2. According to the insect pest identification and early warning method provided by the invention, firstly, insects are induced and captured, voice characteristics are identified through MFCC, the characteristic sound classification in the required insect sound sample is carried out through the Gaussian mixture model, the insect species is identified, and the identification is more accurate, comprehensive and reliable, so that the insect pest grade is accurately identified, the corresponding insect pest early warning is carried out, the labor intensity of workers is reduced, the identification accuracy rate of the insect pests is increased, the insect pest prevention effect is obviously improved, and the insect pest early warning is more intelligent and reliable.
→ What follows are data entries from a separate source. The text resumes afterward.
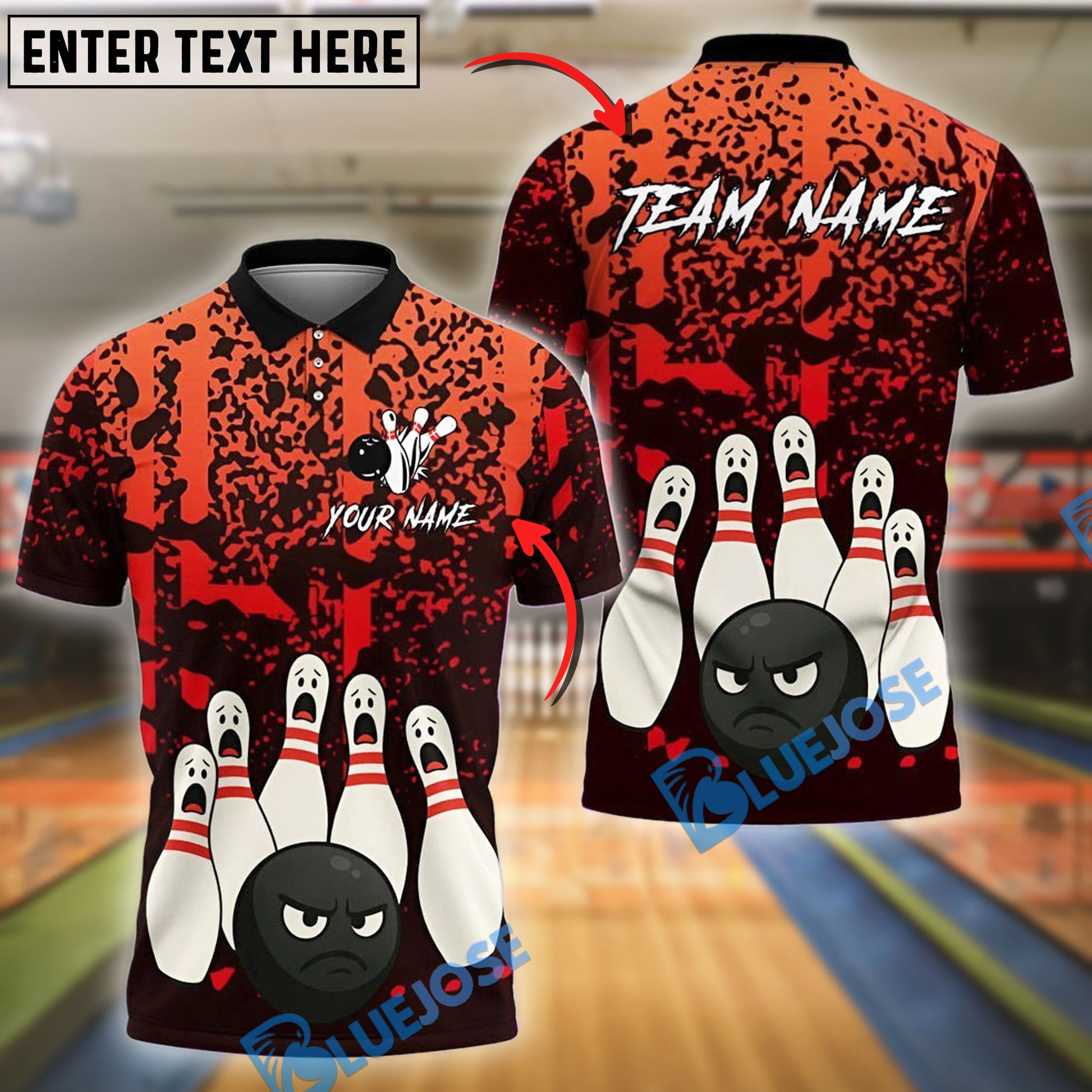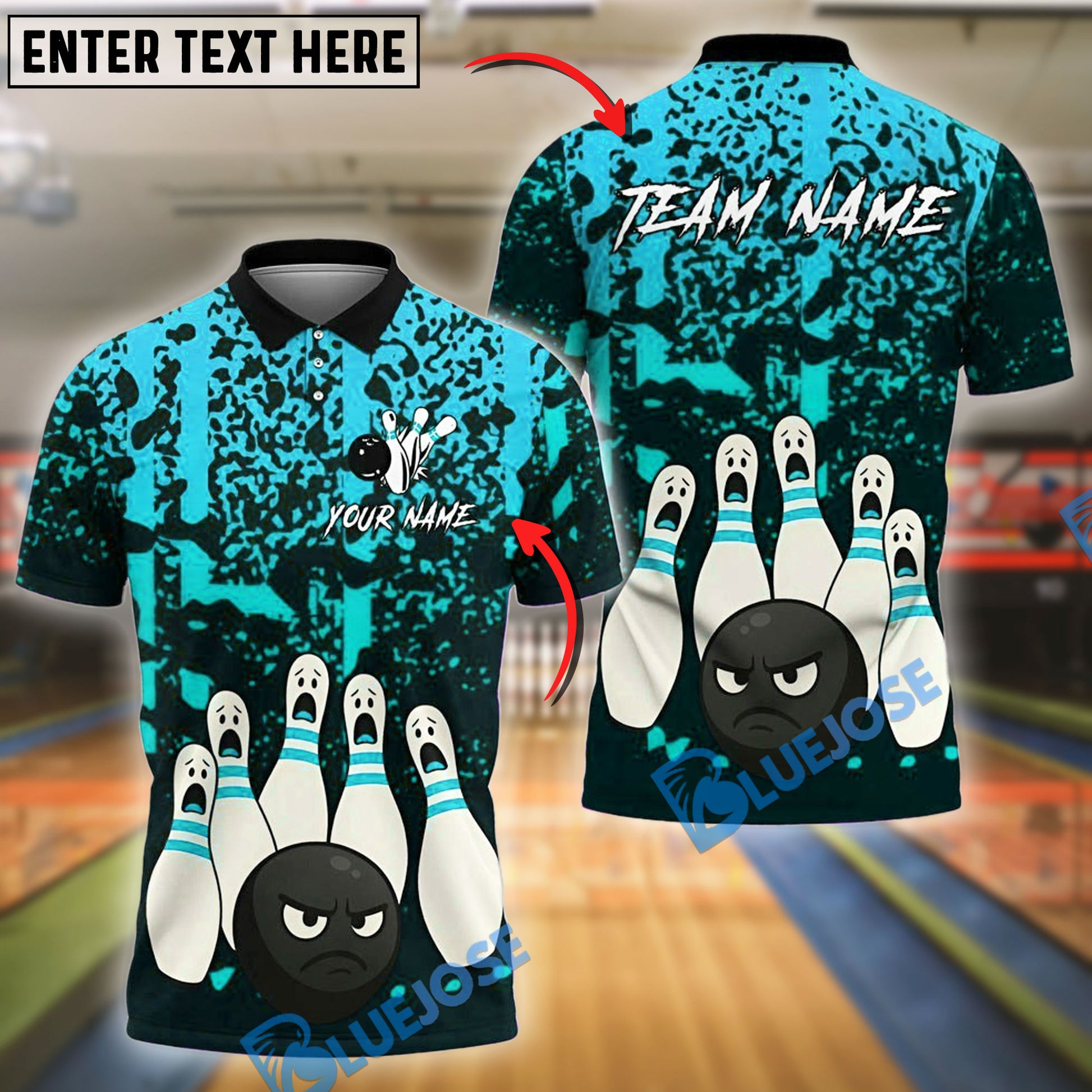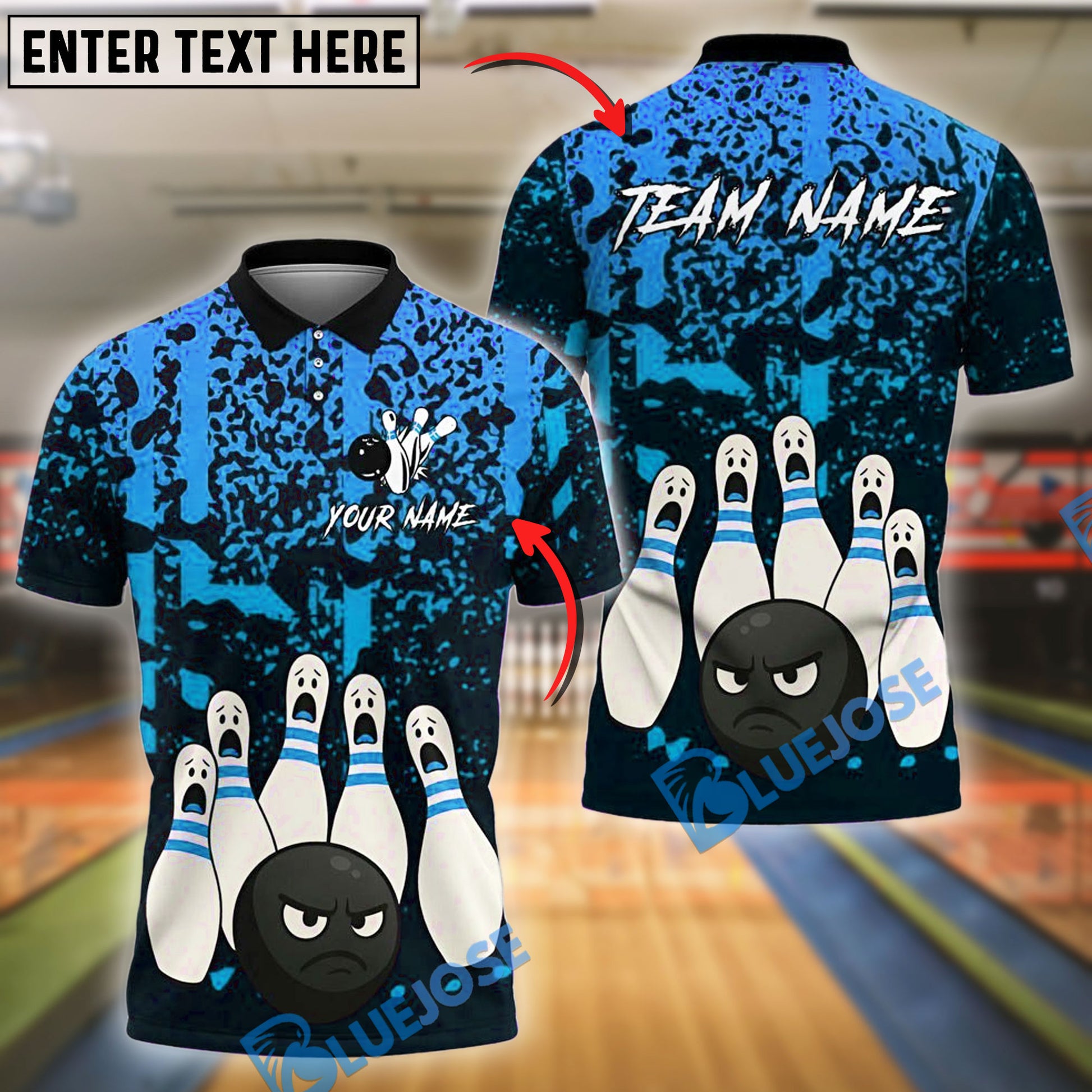 BlueJose Bowling And Pins Black Ball Fury Customized Name, Team Name 3D Shirt (4 Colors)
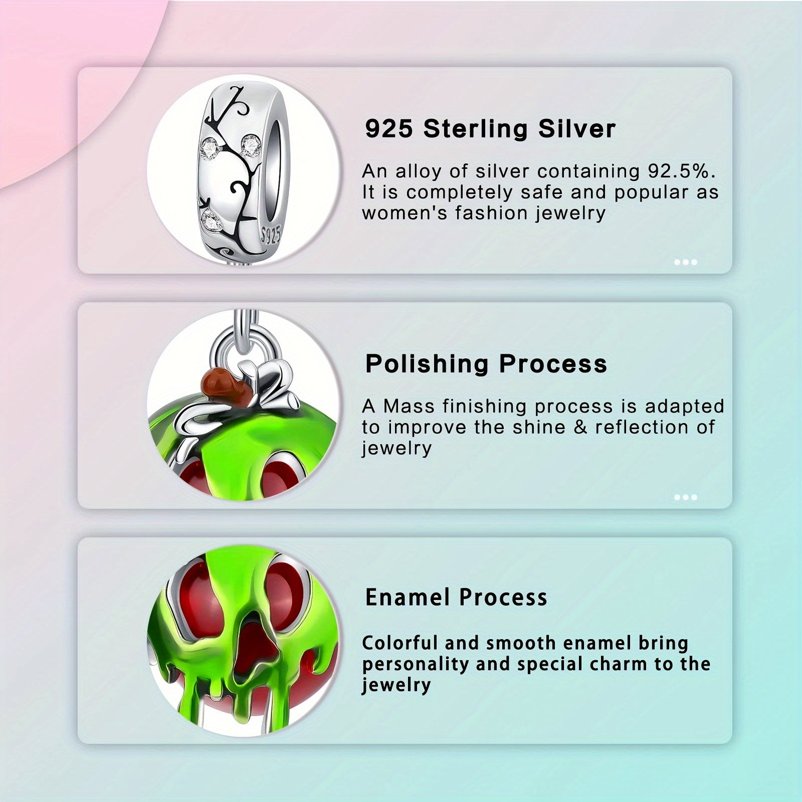 This 925 silver poison apple pendant features green enamel, making it a unique and eye-catching accessory. Perfect for Christmas and Halloween gifts.
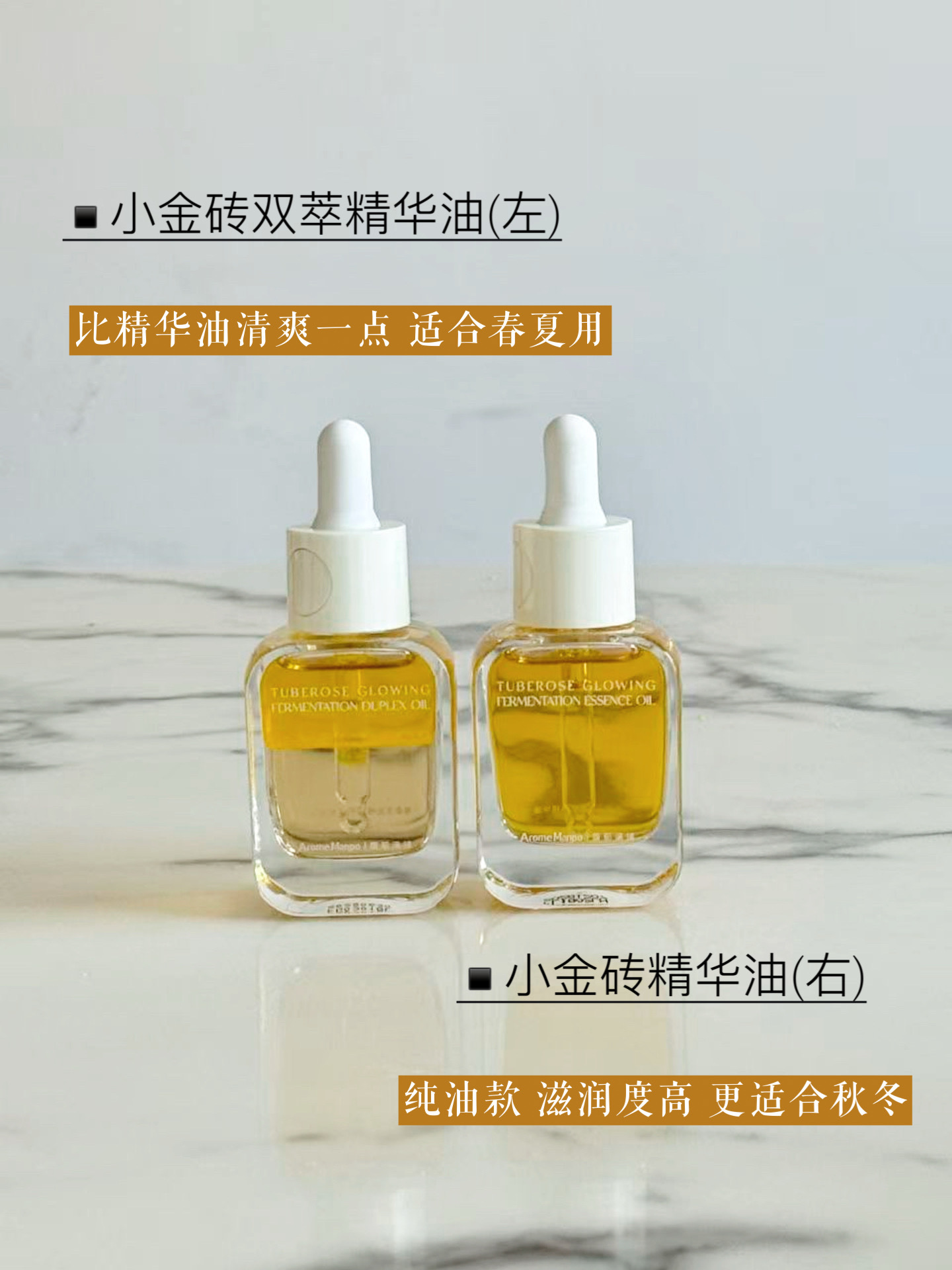 🌟晚香玉双萃精华油水油分层,用前摇匀,摇过之后是漂亮的凝珠状,我用在晚间护肤的最后一步。涂开后很快就吸收了,不闷不腻。配方结合了亲水和亲油成分,主打美白抗氧化,非常适合油皮和夏日的护肤油。
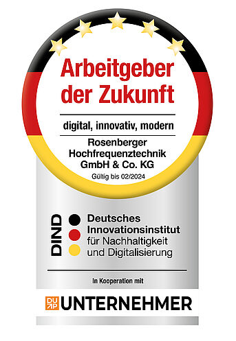und Digitalisierung (DIND) mit dem renommierten Siegel „Arbeitgeber der Zukunft“ ausgezeichnet. Das Siegel bestätigt die Qualitäten von Rosenberger als Arbeitgeber und ist wesentlicher Baustein zur Personalbindung und -gewinnung.
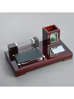 Набор настольный 4 в 1 визитница, часы, 34x17x13 см
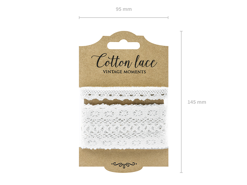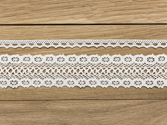 Bavlněná dekorativní krajka v bílé barvě, 2 různé designy o šířce 1cm a 4,5cm, každá krajka je asi 1.5 metru dlouhá.
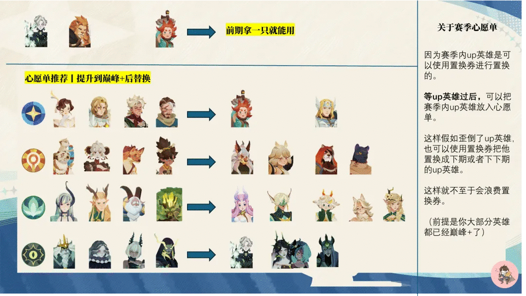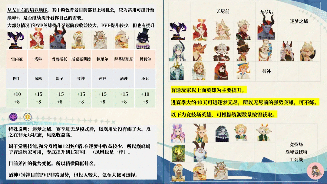 当你副本英雄满时(巅峰+),可选强力的up去获取。赛季的中后期,需要刷女神试炼,假如你想要一个好的迷梦排名,还是有很多英雄要练的。
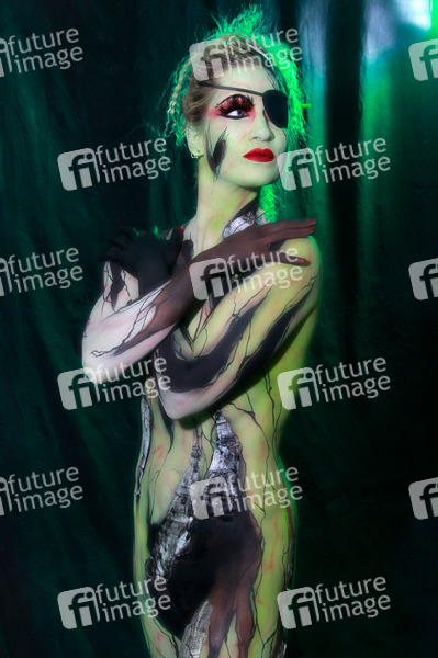Bodypainting, Erotik, Frau, Mädchen, nackt, drinnen, weiblich, Körperkunst, Kunst, Malerei, Augenklappe, erotic, woman, girl, nude, indoor, female, body art, body painting, eyepatch

3. The crop insect automatic identification technology based on deep learning has the advantages of accurate identification, high intelligent degree and the like, on one hand, insect testers get rid of mechanical and tedious insect identification and statistics work, the defect of manual detection is reduced, human resources and time cost are saved, and the insect identification rate is improved; on the other hand, the method is also beneficial to protecting the ecological environment, ensures the food safety, enhances the sustainable development of agriculture, provides timely and effective information for the prevention and treatment of insects, and has great practical value.

Drawings

In order to more clearly illustrate the embodiments of the present invention or the technical solutions in the prior art, the drawings needed in the embodiments will be briefly described below, and it is obvious that the drawings in the following description are only some embodiments of the present invention, and it is obvious for those skilled in the art to obtain other drawings without creative efforts.

Fig. 1 is a flowchart of a method for insect identification based on whistling deep learning according to an embodiment of the present invention.

Detailed Description

For further explanation of the various embodiments, the drawings which form a part of the disclosure and which are incorporated in and constitute a part of this specification, illustrate embodiments and, together with the description, serve to explain the principles of operation of the embodiments, and to enable others of ordinary skill in the art to understand the various embodiments and advantages of the invention, and, by reference to these figures, reference is made to the accompanying drawings, which are not to scale and wherein like reference numerals generally refer to like elements.

According to the first embodiment of the invention, an insect identification method based on deep learning of sounding is provided.

The invention will be further described with reference to the accompanying drawings and specific embodiments, as shown in fig. 1, according to an embodiment of the invention, a method for identifying insects based on deep learning of whistling, the method for identifying insects comprises the following steps:

in one embodiment, the step of pre-treating the collected insect song sample and obtaining the desired insect song sample comprises the steps of:

specifically, the catching cage can be arranged on the ground head, two sides of a road, the front and the back of a house and the like, an inducer in the catching cage contains an inducer, the inducer comprises 20 insect sex attractants such as cotton bollworm, corn borer, striped rice borer, armyworm, pink rice borer, black cutworm, peach fruit borer and diamond back moth, as well as cotton pink bollworm, pear fruit borer, apple leaf roller, peach fruit borer, rice leaf roller, chilo suppressalis and the like, the lure core is prepared by fully mixing an artificial synthetic attractant and a proper carrier (polyethylene, a rubber tube, a rubber head and the like), and each lure core generally contains 20-500 micrograms of the sex attractant.

S12, trapping insects into a catching cage, and collecting the sounding signals of the insects by using a sensor;

and S13, transmitting the sounding signal to a recording device and storing the sounding signal in a database.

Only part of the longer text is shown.